RECORD EXCERPTS:

[Start of Attachment]

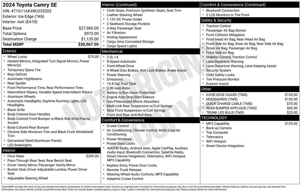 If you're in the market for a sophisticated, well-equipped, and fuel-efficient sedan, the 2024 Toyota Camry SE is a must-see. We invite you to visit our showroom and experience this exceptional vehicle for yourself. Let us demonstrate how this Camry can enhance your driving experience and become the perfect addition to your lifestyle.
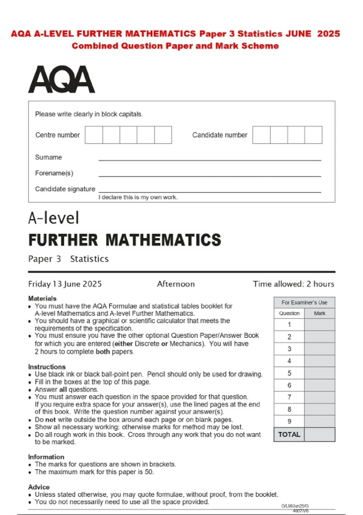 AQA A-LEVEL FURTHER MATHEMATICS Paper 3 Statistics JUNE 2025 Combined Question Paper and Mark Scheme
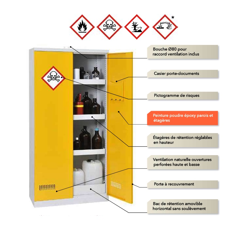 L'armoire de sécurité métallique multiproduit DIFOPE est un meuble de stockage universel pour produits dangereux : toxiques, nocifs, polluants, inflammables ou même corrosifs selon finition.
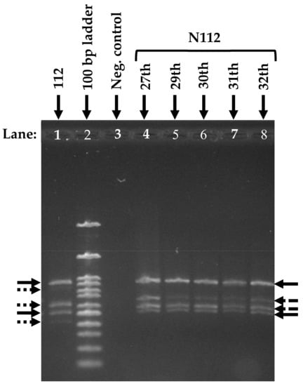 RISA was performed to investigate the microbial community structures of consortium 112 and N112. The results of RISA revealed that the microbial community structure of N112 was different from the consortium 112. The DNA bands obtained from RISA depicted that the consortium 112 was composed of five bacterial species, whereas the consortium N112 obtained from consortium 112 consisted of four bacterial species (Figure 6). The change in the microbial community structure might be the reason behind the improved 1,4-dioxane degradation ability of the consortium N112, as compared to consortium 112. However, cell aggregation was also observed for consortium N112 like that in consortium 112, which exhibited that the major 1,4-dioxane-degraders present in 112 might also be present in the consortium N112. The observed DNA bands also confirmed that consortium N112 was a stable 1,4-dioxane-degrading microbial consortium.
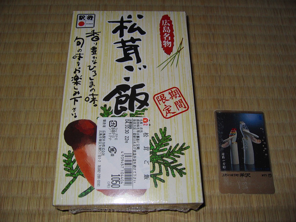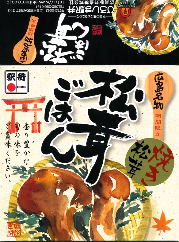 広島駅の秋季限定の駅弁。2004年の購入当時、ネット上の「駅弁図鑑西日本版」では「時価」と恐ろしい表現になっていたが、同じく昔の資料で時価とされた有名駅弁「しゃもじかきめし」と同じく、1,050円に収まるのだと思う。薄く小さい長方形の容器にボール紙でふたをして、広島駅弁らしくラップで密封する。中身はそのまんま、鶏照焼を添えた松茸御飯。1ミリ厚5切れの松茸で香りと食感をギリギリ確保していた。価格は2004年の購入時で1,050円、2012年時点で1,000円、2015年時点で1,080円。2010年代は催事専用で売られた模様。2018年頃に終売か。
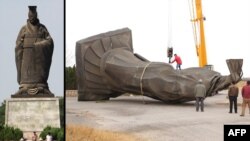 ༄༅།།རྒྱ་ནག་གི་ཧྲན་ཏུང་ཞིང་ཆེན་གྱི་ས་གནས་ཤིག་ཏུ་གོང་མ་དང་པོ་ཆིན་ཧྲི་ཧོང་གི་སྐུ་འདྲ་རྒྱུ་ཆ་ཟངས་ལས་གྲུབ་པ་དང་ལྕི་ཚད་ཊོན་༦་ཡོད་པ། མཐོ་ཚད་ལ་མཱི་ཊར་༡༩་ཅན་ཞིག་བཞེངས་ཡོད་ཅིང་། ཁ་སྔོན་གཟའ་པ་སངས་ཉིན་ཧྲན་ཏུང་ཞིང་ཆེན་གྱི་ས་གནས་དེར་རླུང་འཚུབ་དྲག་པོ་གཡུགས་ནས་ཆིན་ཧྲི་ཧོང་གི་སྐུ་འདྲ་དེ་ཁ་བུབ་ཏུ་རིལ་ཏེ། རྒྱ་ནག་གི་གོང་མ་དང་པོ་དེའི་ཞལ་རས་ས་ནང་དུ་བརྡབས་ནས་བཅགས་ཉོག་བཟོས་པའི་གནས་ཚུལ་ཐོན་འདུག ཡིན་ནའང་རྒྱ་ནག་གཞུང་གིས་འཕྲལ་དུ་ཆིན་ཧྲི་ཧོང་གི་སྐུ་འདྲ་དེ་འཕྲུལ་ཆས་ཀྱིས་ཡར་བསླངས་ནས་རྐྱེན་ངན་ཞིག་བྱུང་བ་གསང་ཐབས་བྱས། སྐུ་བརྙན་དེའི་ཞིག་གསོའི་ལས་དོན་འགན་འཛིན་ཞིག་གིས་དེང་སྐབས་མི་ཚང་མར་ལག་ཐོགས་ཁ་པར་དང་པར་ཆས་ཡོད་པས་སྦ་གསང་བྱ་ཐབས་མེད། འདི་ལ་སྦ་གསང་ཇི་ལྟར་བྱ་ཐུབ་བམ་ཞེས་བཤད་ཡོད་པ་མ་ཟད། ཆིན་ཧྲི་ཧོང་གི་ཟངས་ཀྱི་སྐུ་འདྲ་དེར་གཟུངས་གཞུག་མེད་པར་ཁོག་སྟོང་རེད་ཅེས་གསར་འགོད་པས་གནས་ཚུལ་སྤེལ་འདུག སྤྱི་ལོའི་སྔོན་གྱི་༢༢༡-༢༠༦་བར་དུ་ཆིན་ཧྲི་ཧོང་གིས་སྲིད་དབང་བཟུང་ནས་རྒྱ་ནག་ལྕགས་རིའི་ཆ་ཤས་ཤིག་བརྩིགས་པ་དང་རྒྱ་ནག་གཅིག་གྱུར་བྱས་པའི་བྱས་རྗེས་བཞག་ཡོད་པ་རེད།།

[End of Attachment]

PROBLEM: Reproduce every record verbatim, please. Omit the images.

ANSWER SECTION:
 If you're in the market for a sophisticated, well-equipped, and fuel-efficient sedan, the 2024 Toyota Camry SE is a must-see. We invite you to visit our showroom and experience this exceptional vehicle for yourself. Let us demonstrate how this Camry can enhance your driving experience and become the perfect addition to your lifestyle.
 AQA A-LEVEL FURTHER MATHEMATICS Paper 3 Statistics JUNE 2025 Combined Question Paper and Mark Scheme
 L'armoire de sécurité métallique multiproduit DIFOPE est un meuble de stockage universel pour produits dangereux : toxiques, nocifs, polluants, inflammables ou même corrosifs selon finition.
 RISA was performed to investigate the microbial community structures of consortium 112 and N112. The results of RISA revealed that the microbial community structure of N112 was different from the consortium 112. The DNA bands obtained from RISA depicted that the consortium 112 was composed of five bacterial species, whereas the consortium N112 obtained from consortium 112 consisted of four bacterial species (Figure 6). The change in the microbial community structure might be the reason behind the improved 1,4-dioxane degradation ability of the consortium N112, as compared to consortium 112. However, cell aggregation was also observed for consortium N112 like that in consortium 112, which exhibited that the major 1,4-dioxane-degraders present in 112 might also be present in the consortium N112. The observed DNA bands also confirmed that consortium N112 was a stable 1,4-dioxane-degrading microbial consortium.
 広島駅の秋季限定の駅弁。2004年の購入当時、ネット上の「駅弁図鑑西日本版」では「時価」と恐ろしい表現になっていたが、同じく昔の資料で時価とされた有名駅弁「しゃもじかきめし」と同じく、1,050円に収まるのだと思う。薄く小さい長方形の容器にボール紙でふたをして、広島駅弁らしくラップで密封する。中身はそのまんま、鶏照焼を添えた松茸御飯。1ミリ厚5切れの松茸で香りと食感をギリギリ確保していた。価格は2004年の購入時で1,050円、2012年時点で1,000円、2015年時点で1,080円。2010年代は催事専用で売られた模様。2018年頃に終売か。
 ༄༅།།རྒྱ་ནག་གི་ཧྲན་ཏུང་ཞིང་ཆེན་གྱི་ས་གནས་ཤིག་ཏུ་གོང་མ་དང་པོ་ཆིན་ཧྲི་ཧོང་གི་སྐུ་འདྲ་རྒྱུ་ཆ་ཟངས་ལས་གྲུབ་པ་དང་ལྕི་ཚད་ཊོན་༦་ཡོད་པ། མཐོ་ཚད་ལ་མཱི་ཊར་༡༩་ཅན་ཞིག་བཞེངས་ཡོད་ཅིང་། ཁ་སྔོན་གཟའ་པ་སངས་ཉིན་ཧྲན་ཏུང་ཞིང་ཆེན་གྱི་ས་གནས་དེར་རླུང་འཚུབ་དྲག་པོ་གཡུགས་ནས་ཆིན་ཧྲི་ཧོང་གི་སྐུ་འདྲ་དེ་ཁ་བུབ་ཏུ་རིལ་ཏེ། རྒྱ་ནག་གི་གོང་མ་དང་པོ་དེའི་ཞལ་རས་ས་ནང་དུ་བརྡབས་ནས་བཅགས་ཉོག་བཟོས་པའི་གནས་ཚུལ་ཐོན་འདུག ཡིན་ནའང་རྒྱ་ནག་གཞུང་གིས་འཕྲལ་དུ་ཆིན་ཧྲི་ཧོང་གི་སྐུ་འདྲ་དེ་འཕྲུལ་ཆས་ཀྱིས་ཡར་བསླངས་ནས་རྐྱེན་ངན་ཞིག་བྱུང་བ་གསང་ཐབས་བྱས། སྐུ་བརྙན་དེའི་ཞིག་གསོའི་ལས་དོན་འགན་འཛིན་ཞིག་གིས་དེང་སྐབས་མི་ཚང་མར་ལག་ཐོགས་ཁ་པར་དང་པར་ཆས་ཡོད་པས་སྦ་གསང་བྱ་ཐབས་མེད། འདི་ལ་སྦ་གསང་ཇི་ལྟར་བྱ་ཐུབ་བམ་ཞེས་བཤད་ཡོད་པ་མ་ཟད། ཆིན་ཧྲི་ཧོང་གི་ཟངས་ཀྱི་སྐུ་འདྲ་དེར་གཟུངས་གཞུག་མེད་པར་ཁོག་སྟོང་རེད་ཅེས་གསར་འགོད་པས་གནས་ཚུལ་སྤེལ་འདུག སྤྱི་ལོའི་སྔོན་གྱི་༢༢༡-༢༠༦་བར་དུ་ཆིན་ཧྲི་ཧོང་གིས་སྲིད་དབང་བཟུང་ནས་རྒྱ་ནག་ལྕགས་རིའི་ཆ་ཤས་ཤིག་བརྩིགས་པ་དང་རྒྱ་ནག་གཅིག་གྱུར་བྱས་པའི་བྱས་རྗེས་བཞག་ཡོད་པ་རེད།།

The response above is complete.